Author: 1912212.eth, Foresight News
Original Title: The Global Stablecoin Year: A New Battlefield Between China and the United States
No one expected that in a gloomy moment of the crypto market questioning innovation, the "stablecoin super cycle" termed by Paradigm founder Matt Huang would arrive. Circle, the first stablecoin stock, has surged from $31 to over $298.99 since its listing on June 5th, creating nearly a 10-fold gain in less than half a month, with its dramatic wealth effect attracting crypto insiders to rush towards coin stocks.
Circle's stock market heat has reignited the crypto circle's focus on the stablecoin market.

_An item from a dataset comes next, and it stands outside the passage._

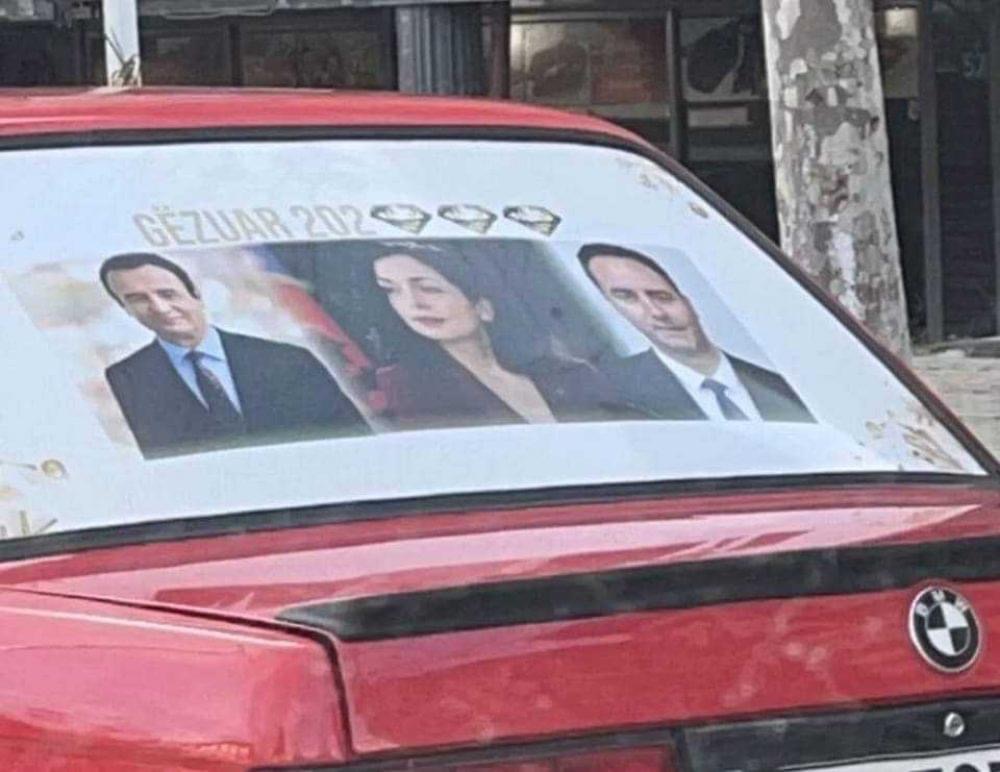 Portretet e Vjosa Osmanit, Albin Kurtit e Glauk Konjufcës, janë vendosur në xhamin e pasëm të një makine të një qytetari, ku sipër fytyrave të tyre është shkruar: Gëzuar 202 dhe në vend të numrit 3, janë paraqitur tre diamantë, që duket se paraqesin liderët e Kosovës./Mitropol/

Stablecoins were born in 2014, aimed at solving the problem of extreme price volatility in traditional cryptocurrencies. USDT, first launched by Tether, is one of the most representative stablecoins, with its value pegged 1:1 to the US dollar and supported by dollar asset reserves. The core concept of stablecoins is to use asset collateralization to maintain price stability, providing the convenience and decentralization of digital currencies while avoiding transaction risks from price fluctuations. In recent years, stablecoin adoption and application have grown exponentially, particularly in cross-border payments, DeFi, RWA, and other fields, with DeFi becoming the foundational asset for lending, staking, and yield farming.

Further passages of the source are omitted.